GPU backend, eagerness, and errors #1321

jpivarski · 2022-02-24T22:34:26Z

jpivarski
Feb 24, 2022
Maintainer

@swishdiff has started developing infrastructure to perform Awkward Array calculations on GPUs. In doing this, we're facing some questions that would have implications for users. One of these deals with concurrency.

When you launch a CUDA kernel in C++, the kernel runs asynchronously, returning control to the C++ driving program before the calculation is complete (potentially). But Awkward Array operations are eager: they finish calculating before returning control to Python. (dask-awkward is another story.) Since the whole point of a GPU backend is for better utilization of resources, we may want to adopt that model.

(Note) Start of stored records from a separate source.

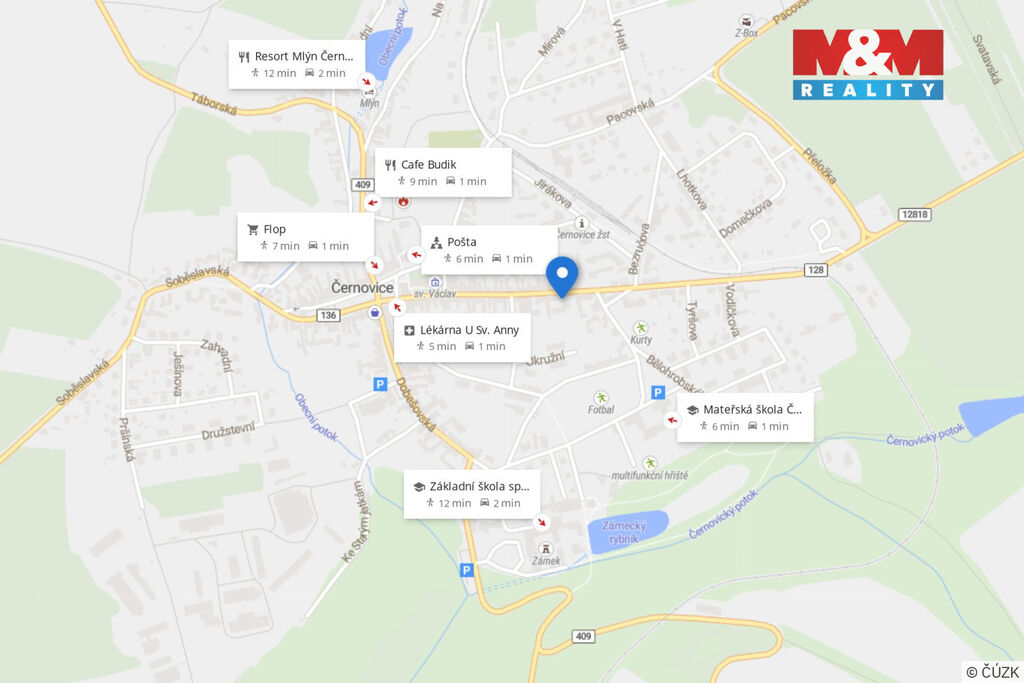 Nabízíme k prodeji rodinný dům s uzavřeným dvorem v žádané lokalitě Černovice u Tábora. Celková plocha pozemku je 187 m2. Tento dům je vhodný jak k trvalému bydlení, tak k rekreaci. V přízemí domu jsou dva pokoje, prostorná kuchyně s jídelnou, koupelna, toaleta a dostatek úložných prostor zajišťuje komora, špíz a prostorná chodba. Po dřevěném schodišti z chodby je vstup do podkroví, kde je jeden útulný pokoj a půda, která čeká v případě potřeby na další realizaci obytné části. Dům je napojený na obecní vodovod, kanalizaci a vytápění je plynovým kotlem z roku 2016.Okolí Černovic nabízí krásnou přírodu pro turistiku a cyklovýlety. Na okraji obce se nachází přírodní koupaliště, v sezóně s občerstvením. V Černovicích je škola, mateřská škola, Flop, restaurace, lékaři. Zveme vás na prohlídku. Více informací v RK.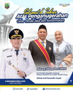 KOTABARU – Pemerintah Kabupaten Kotabaru memberikan apresiasi setinggi-tingginya kepada H. Andi Syamsudin Arsyad (Haji Isam) atas penganugerahan Tanda Kehormatan Bintang
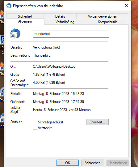 Ob die Verknüpfung zu Thunderbird auf em eigenen Desktop liegt, kann man im Explorer ganz leicht prüfen.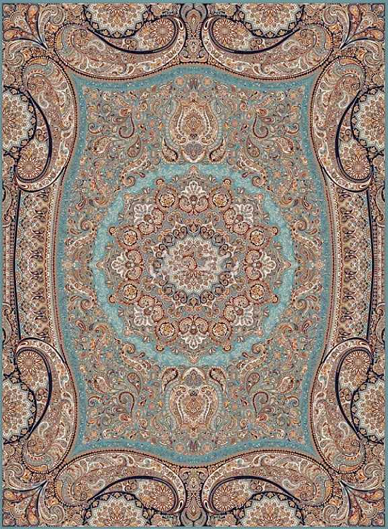 فرش کاشان 700 شانه طرح پارادایس زمینه آبی (غیربرجسته)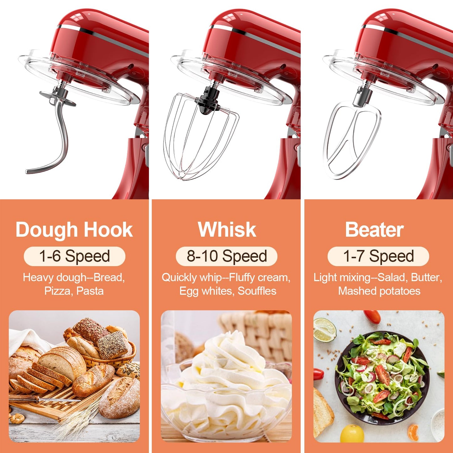 - 👌Easy-Clean & Hassle-Free : The stand mixer designed for effortless cleaning, with detachable bowls and attachments that can be quickly removed for washing. The tilt-head design mixer allows for easy installation or uninstallation of accessories.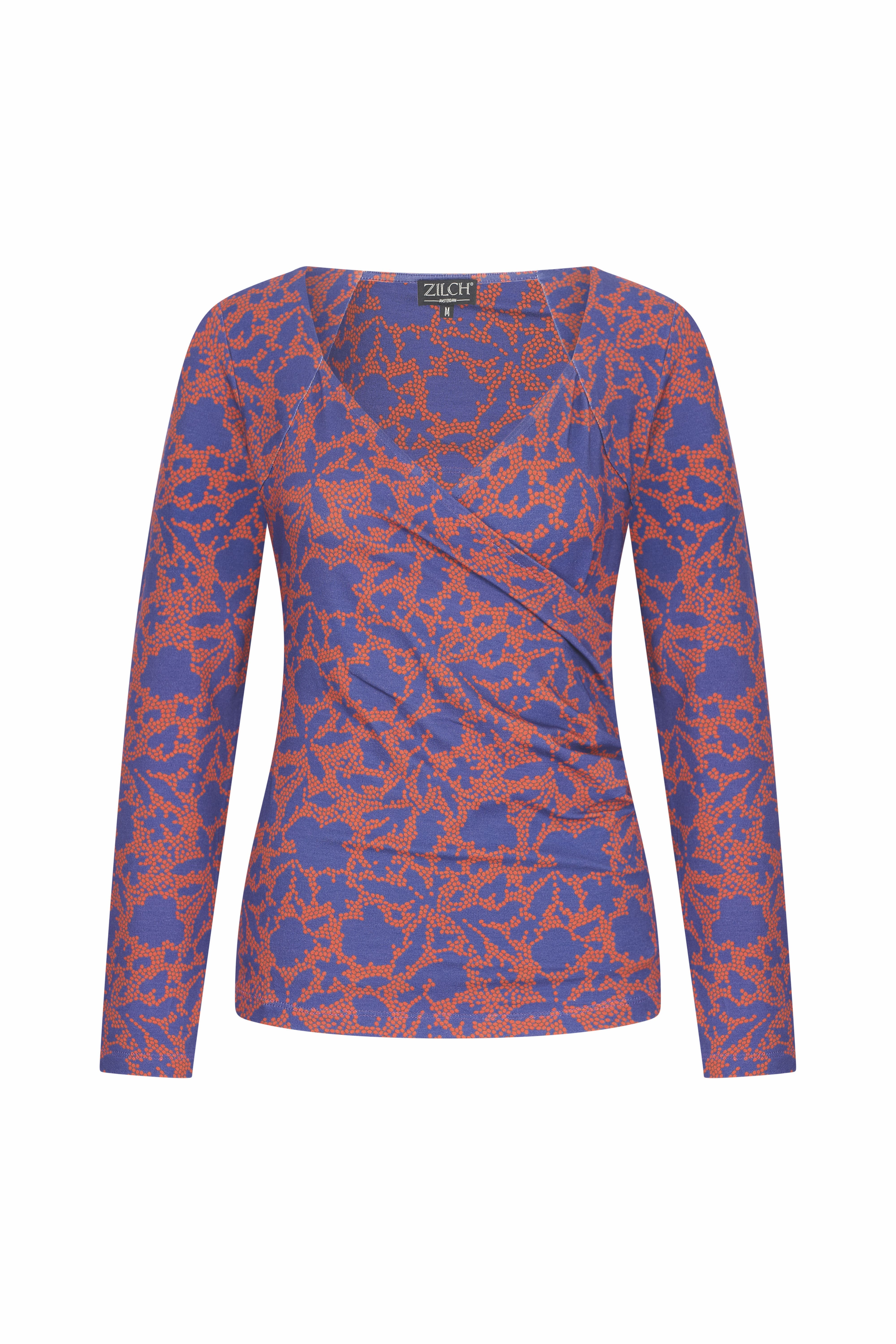 Un top fluide et ajusté en jersey, à col V et devant cache-cœur, confectionné en viscose Lenzing EcoVero à imprimé coloré. Le devant cache-cœur est maintenu par un pli discret pour un effet froncé subtil et une silhouette flatteuse. Un top idéal à porter sous un cardigan chaud lors des froides journées d'hiver.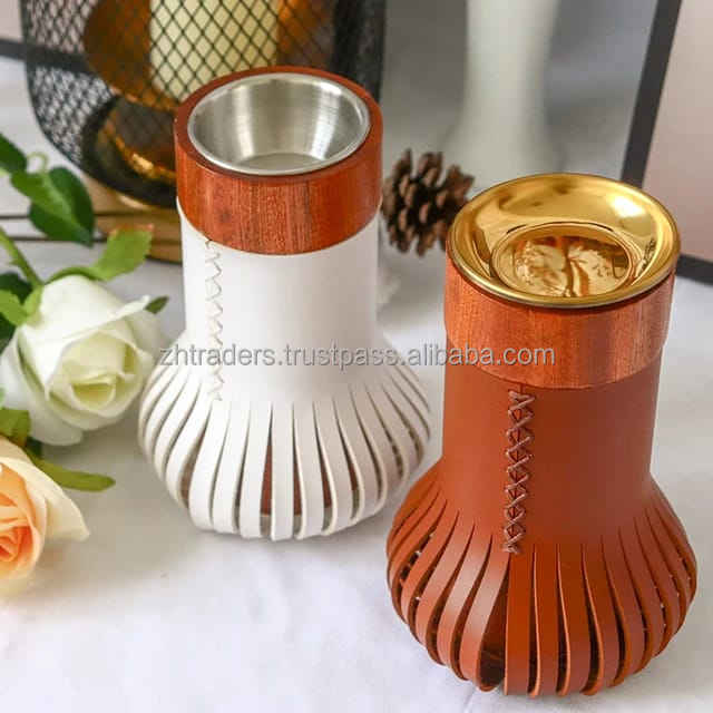 Artisan Collection New Design Wood & PU Leather Bakhoor Burner Handmade Mubkhar for Islamic Home Fragrance and Ramadan Gift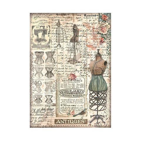 1 kép Stamperia Rizspapír A/4 Brocante Antiques mannequin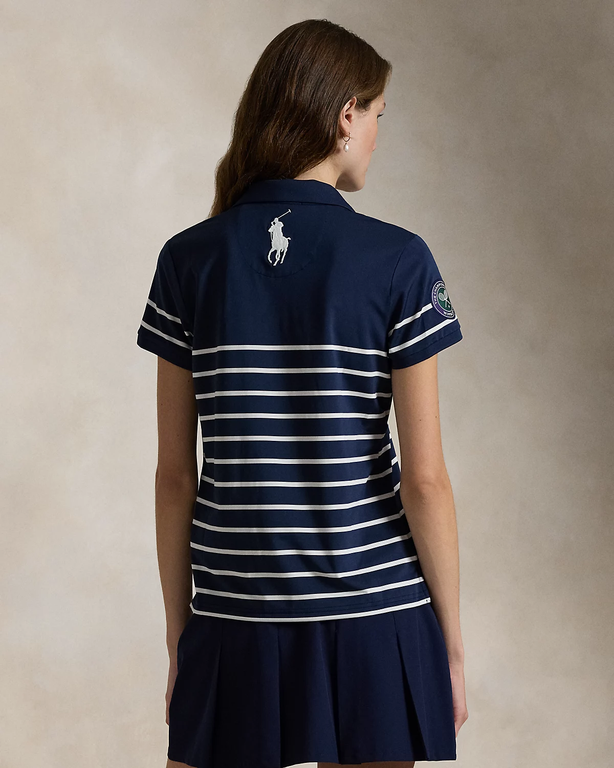 - Signature embroidered Big Pony at the left chest and center back of the neck. Official "The Championships Wimbledon" logo patch at the right sleeve.

Each Awkward operation (ak.* functions, NumPy ufuncs, slicing, etc.) assumes that the values in an array are valid, so at minimum there needs to be a cudaSynchronize between each operation (and also between the intermediate steps that comprise a high-level operation). But if we put the cudaSynchronize at the beginning each Awkward operation,

we can get strictly greater utilization than if we put the cudaSynchronize at the end of each operation,

where "CPU" is returning to Python and doing Python stuff, while "GPU" is doing numerical calculations.

However, there's a consequence: if control is returned to Python before the numerical calculation completes, then any errors deriving from data in the arrays can't be raised as Python exceptions. If, for instance, you're trying to broadcast together two arrays that have different lengths, you'll get an error about that (the length is represented in Python, on the CPU), but if they have the same outer length and incompatible internal lengths, you won't get an error. That includes things like

first_muon_in_each_event = events.muons[:, 0]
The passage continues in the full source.